The Perl Toolchain Summit needs more sponsors. If your company depends on Perl, please support this very important event.

NAME

App::Framework::Extension::Filter - Script filter application object

SYNOPSIS

  use App::Framework '::Filter' ;

DESCRIPTION

Application that filters a file or files to produce some other output

Application Subroutines

This extension modifies the normal call flow for the application subroutines. The extension calls the subroutines for each input file being filtered. Also, the main 'app' subroutine is called for each of the lines of text in the input file.

The pseudo-code for the extension is:

    FOREACH input file
        <init variables, state HASH>
        call 'app_start' subroutine 
        FOREACH input line
                call 'app' subroutine 
        END
        call 'app_end' subroutine 
        END

For each input file, a state HASH is created and passed as a reference to the application subroutines. The state HASH contains various values maintained by the extension, but the application may add it's own additional values to the HASH. These values will be passed unmodified to each of the application subroutine calls.

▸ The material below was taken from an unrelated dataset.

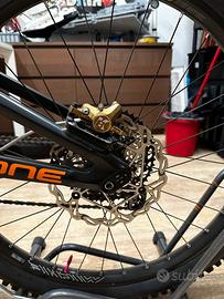 Forcella Fox 38 29" Float Factory Kashima, mono Fox FACTORY DHX2, freni BRAKING Coppia freni a disco IN.CA.S. 2.0 tubo in treccia 5.7mm pompante 9.0mm, pedali Crank Brothers.

The state HASH contains the following fields:

  • num_files

    Total number of input files.

  • file_number

    Current input file number (1 to num_files)

  • file_list

    ARRAY ref. List of input filenames.

  • vars

    HASH ref. Empty HASH created so that any application-specific variables may be stored here.

  • line_num

    Current line number of line being processed (1 to N).

  • output_lines

    ARRAY ref. List of the output lines that are to be written to the output file (maintained by the extension).

  • file

    Current file name of the file being processed.

  • line

    String of line being processed.

  • output

    Special variable used by application to tell extension what to output (see "Output").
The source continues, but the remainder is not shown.